> _Exercise directions_: In the records below, reproduce exactly the lines from the one containing "Они все были" through the one containing "Komplett teservis från", both included, and omit the pictures.

> _Dataset entries_:
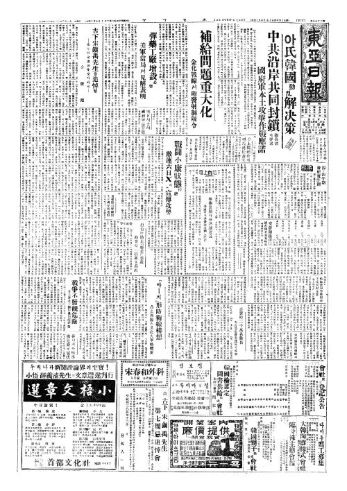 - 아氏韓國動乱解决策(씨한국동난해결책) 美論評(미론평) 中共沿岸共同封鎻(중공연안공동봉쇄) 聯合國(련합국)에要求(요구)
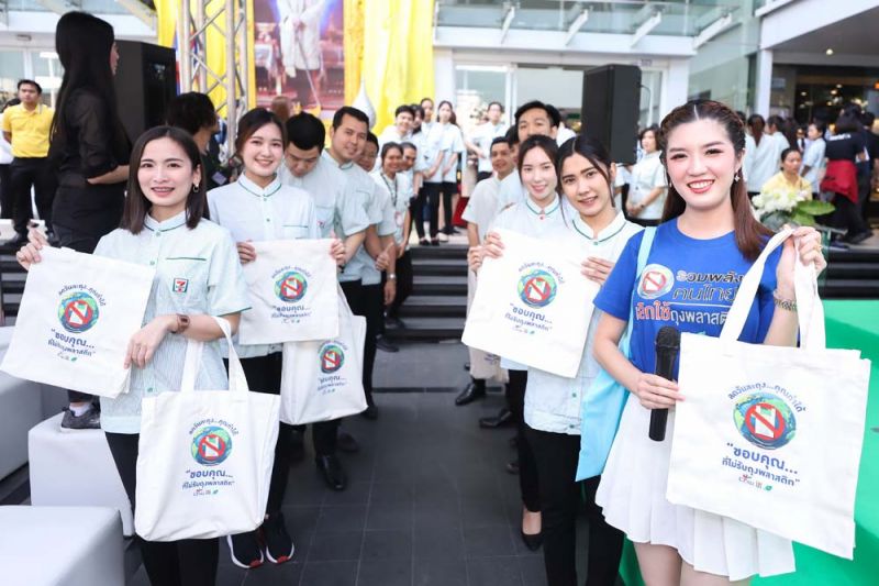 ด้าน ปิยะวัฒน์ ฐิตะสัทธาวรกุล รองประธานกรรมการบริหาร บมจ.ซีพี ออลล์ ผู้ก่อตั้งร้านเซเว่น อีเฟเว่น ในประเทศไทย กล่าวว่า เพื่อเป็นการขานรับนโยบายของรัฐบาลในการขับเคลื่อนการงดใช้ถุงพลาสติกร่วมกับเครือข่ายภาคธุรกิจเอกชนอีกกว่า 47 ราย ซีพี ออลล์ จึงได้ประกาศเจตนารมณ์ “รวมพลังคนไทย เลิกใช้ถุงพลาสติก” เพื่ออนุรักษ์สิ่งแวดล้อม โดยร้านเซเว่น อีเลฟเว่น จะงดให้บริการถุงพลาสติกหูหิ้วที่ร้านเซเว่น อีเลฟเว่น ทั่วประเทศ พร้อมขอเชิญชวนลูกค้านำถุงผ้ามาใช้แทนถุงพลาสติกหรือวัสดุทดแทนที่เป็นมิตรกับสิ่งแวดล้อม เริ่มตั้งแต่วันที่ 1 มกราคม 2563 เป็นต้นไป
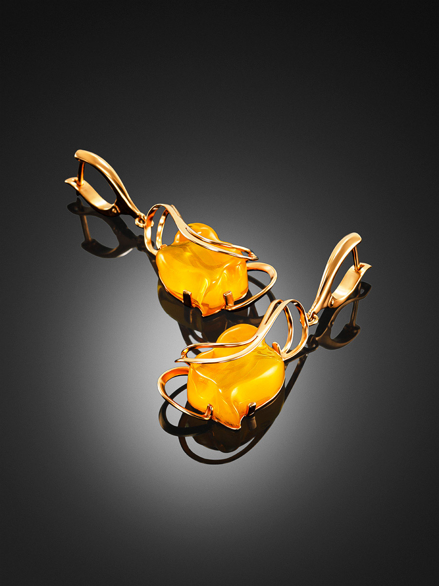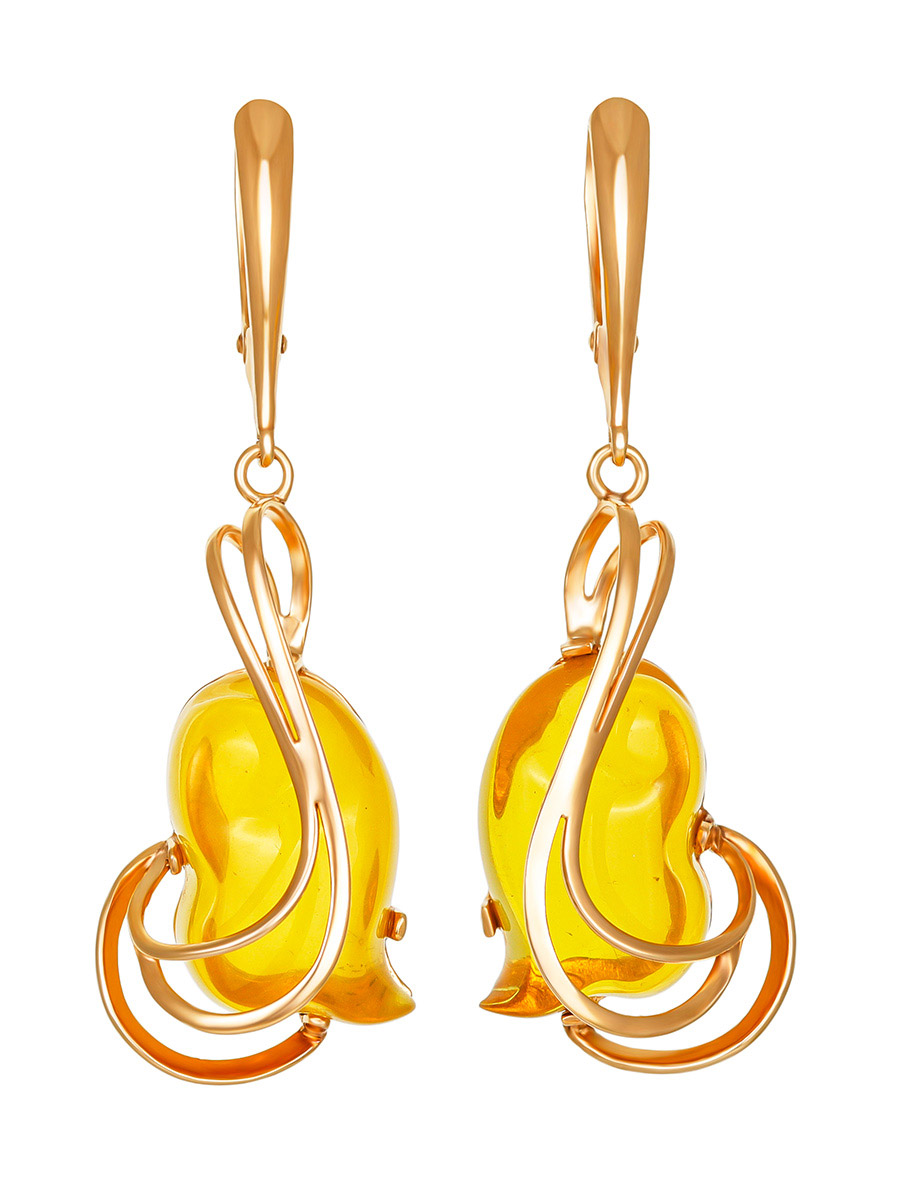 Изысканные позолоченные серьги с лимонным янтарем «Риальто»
...
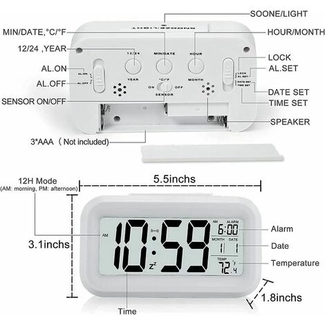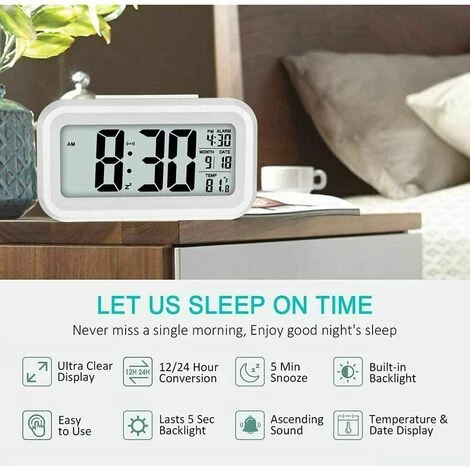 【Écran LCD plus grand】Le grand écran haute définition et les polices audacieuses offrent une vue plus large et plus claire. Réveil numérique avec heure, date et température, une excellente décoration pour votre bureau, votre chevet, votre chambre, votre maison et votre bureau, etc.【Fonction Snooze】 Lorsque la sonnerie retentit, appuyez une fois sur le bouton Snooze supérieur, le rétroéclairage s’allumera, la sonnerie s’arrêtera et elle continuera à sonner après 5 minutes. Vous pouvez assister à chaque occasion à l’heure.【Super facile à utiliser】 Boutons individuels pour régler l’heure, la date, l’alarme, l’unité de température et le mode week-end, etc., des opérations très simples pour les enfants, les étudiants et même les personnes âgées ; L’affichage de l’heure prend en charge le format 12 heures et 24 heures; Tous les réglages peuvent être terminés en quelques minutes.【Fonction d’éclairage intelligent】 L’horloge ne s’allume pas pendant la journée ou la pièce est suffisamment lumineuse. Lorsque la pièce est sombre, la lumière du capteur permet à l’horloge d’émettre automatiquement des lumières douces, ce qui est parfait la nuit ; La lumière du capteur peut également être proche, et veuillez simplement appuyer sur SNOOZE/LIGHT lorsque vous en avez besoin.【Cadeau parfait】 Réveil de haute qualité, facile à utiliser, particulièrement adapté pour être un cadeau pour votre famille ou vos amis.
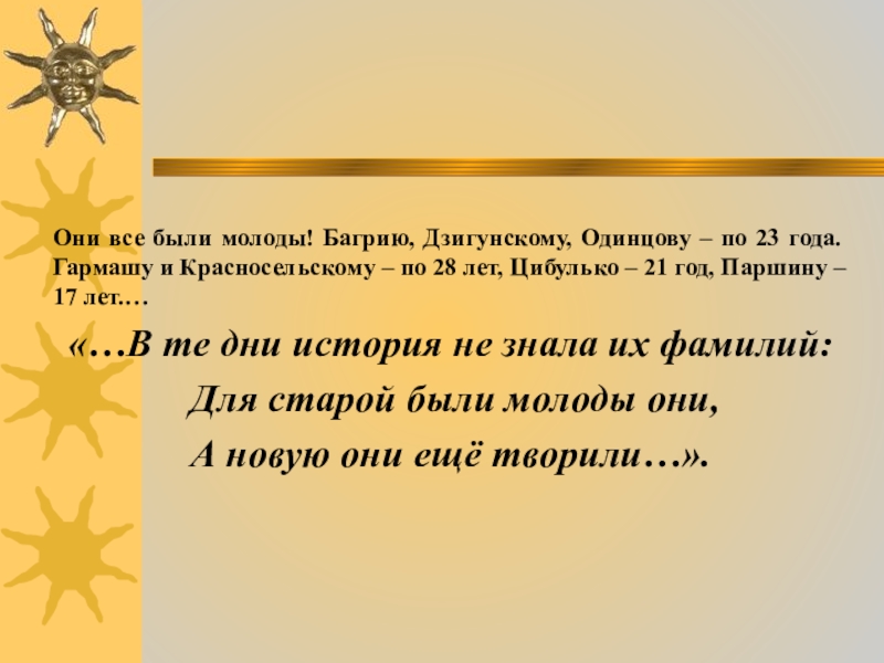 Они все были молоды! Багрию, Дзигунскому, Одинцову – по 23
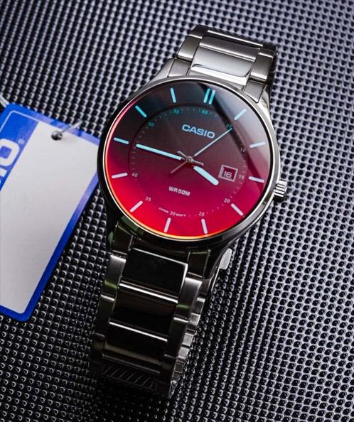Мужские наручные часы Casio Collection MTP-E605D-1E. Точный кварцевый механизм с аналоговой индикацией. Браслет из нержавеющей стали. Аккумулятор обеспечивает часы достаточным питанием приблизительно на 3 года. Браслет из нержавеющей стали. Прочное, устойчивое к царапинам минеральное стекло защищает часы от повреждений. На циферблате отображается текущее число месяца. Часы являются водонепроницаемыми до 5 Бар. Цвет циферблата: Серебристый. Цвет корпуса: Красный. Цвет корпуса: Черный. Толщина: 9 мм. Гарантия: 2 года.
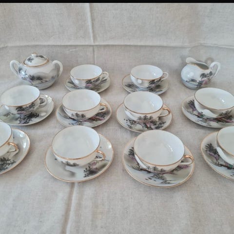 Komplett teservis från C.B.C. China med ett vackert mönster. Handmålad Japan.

> _Exercise answer_:
 Они все были молоды! Багрию, Дзигунскому, Одинцову – по 23
Мужские наручные часы Casio Collection MTP-E605D-1E. Точный кварцевый механизм с аналоговой индикацией. Браслет из нержавеющей стали. Аккумулятор обеспечивает часы достаточным питанием приблизительно на 3 года. Браслет из нержавеющей стали. Прочное, устойчивое к царапинам минеральное стекло защищает часы от повреждений. На циферблате отображается текущее число месяца. Часы являются водонепроницаемыми до 5 Бар. Цвет циферблата: Серебристый. Цвет корпуса: Красный. Цвет корпуса: Черный. Толщина: 9 мм. Гарантия: 2 года.
 Komplett teservis från C.B.C. China med ett vackert mönster. Handmålad Japan.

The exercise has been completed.